What needs to be done. Among the entries below, find the line with "Yavrulu it –" and the line with "Glamorous pink pendant". Return exactly those lines and every line between them, but no pictures.

+++ Exercise materials +++

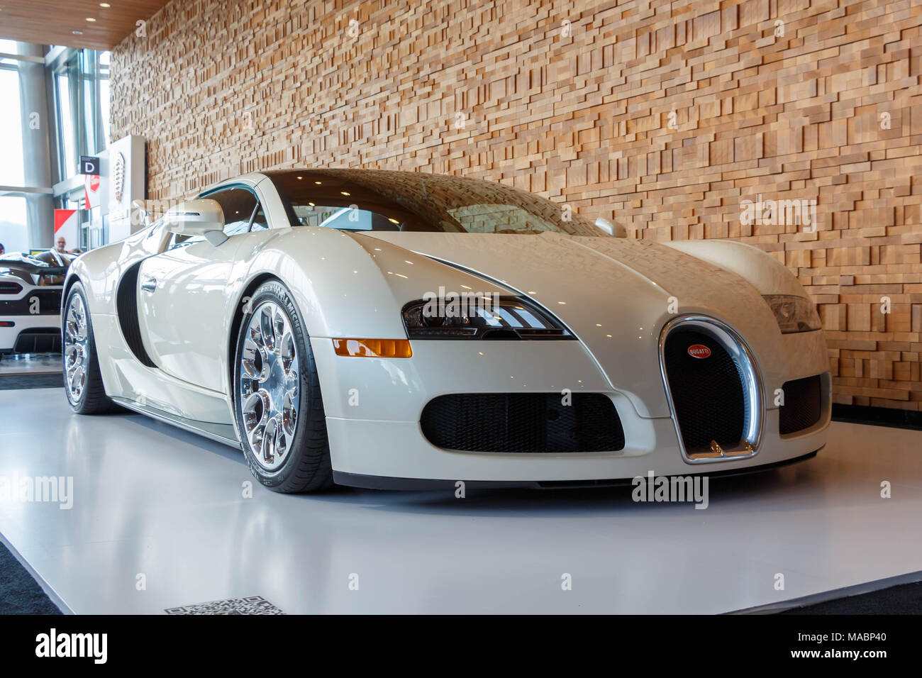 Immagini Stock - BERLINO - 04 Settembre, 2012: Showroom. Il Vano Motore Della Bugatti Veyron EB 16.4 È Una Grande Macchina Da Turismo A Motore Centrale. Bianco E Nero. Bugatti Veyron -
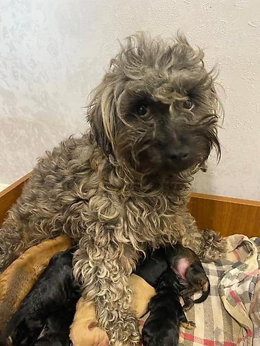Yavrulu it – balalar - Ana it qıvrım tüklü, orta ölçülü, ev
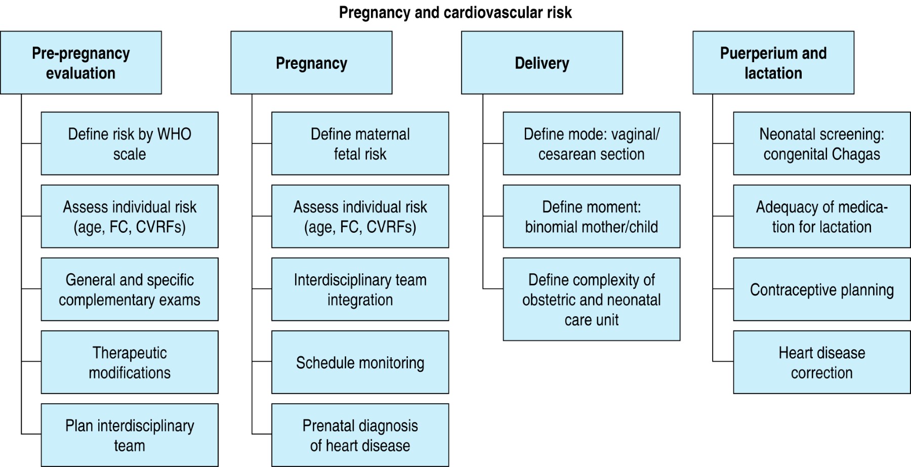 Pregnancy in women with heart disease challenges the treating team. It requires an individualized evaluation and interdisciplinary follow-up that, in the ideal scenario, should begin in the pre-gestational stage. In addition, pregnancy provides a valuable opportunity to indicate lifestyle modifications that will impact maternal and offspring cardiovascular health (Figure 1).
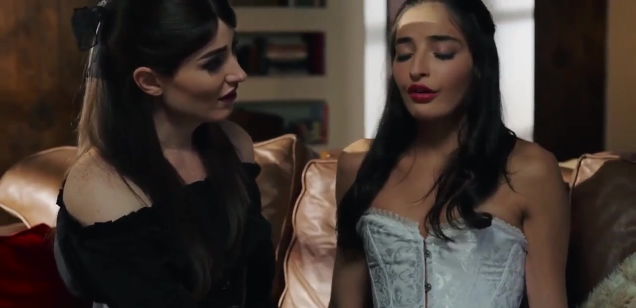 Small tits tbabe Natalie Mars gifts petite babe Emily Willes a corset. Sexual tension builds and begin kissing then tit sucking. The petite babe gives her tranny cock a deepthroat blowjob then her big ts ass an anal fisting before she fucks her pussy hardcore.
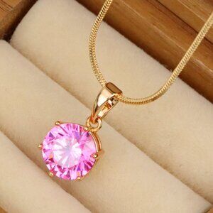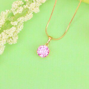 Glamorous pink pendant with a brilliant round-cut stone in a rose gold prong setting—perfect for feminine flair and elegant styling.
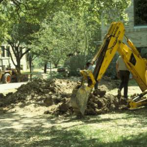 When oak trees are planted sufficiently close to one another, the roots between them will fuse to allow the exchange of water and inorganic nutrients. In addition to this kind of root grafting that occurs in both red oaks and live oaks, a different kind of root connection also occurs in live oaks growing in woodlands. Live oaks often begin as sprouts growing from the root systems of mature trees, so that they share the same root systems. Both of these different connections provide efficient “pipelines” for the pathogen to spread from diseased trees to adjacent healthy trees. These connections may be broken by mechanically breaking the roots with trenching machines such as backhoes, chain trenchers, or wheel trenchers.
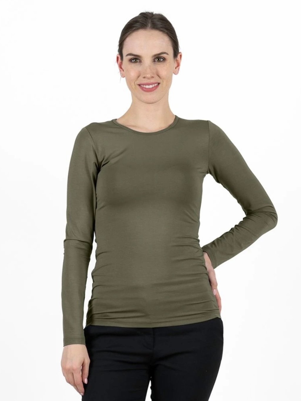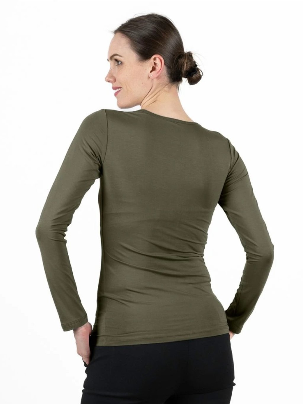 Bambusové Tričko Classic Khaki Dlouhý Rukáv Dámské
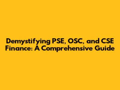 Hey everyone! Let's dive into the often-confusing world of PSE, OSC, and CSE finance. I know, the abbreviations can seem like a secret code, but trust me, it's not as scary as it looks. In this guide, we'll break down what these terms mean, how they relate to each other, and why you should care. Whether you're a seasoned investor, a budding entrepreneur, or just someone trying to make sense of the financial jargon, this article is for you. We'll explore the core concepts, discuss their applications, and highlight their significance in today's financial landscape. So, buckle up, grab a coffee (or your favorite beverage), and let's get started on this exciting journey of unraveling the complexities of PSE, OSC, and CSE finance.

+++

Written answer.
Yavrulu it – balalar - Ana it qıvrım tüklü, orta ölçülü, ev
 Pregnancy in women with heart disease challenges the treating team. It requires an individualized evaluation and interdisciplinary follow-up that, in the ideal scenario, should begin in the pre-gestational stage. In addition, pregnancy provides a valuable opportunity to indicate lifestyle modifications that will impact maternal and offspring cardiovascular health (Figure 1).
 Small tits tbabe Natalie Mars gifts petite babe Emily Willes a corset. Sexual tension builds and begin kissing then tit sucking. The petite babe gives her tranny cock a deepthroat blowjob then her big ts ass an anal fisting before she fucks her pussy hardcore.
 Glamorous pink pendant with a brilliant round-cut stone in a rose gold prong setting—perfect for feminine flair and elegant styling.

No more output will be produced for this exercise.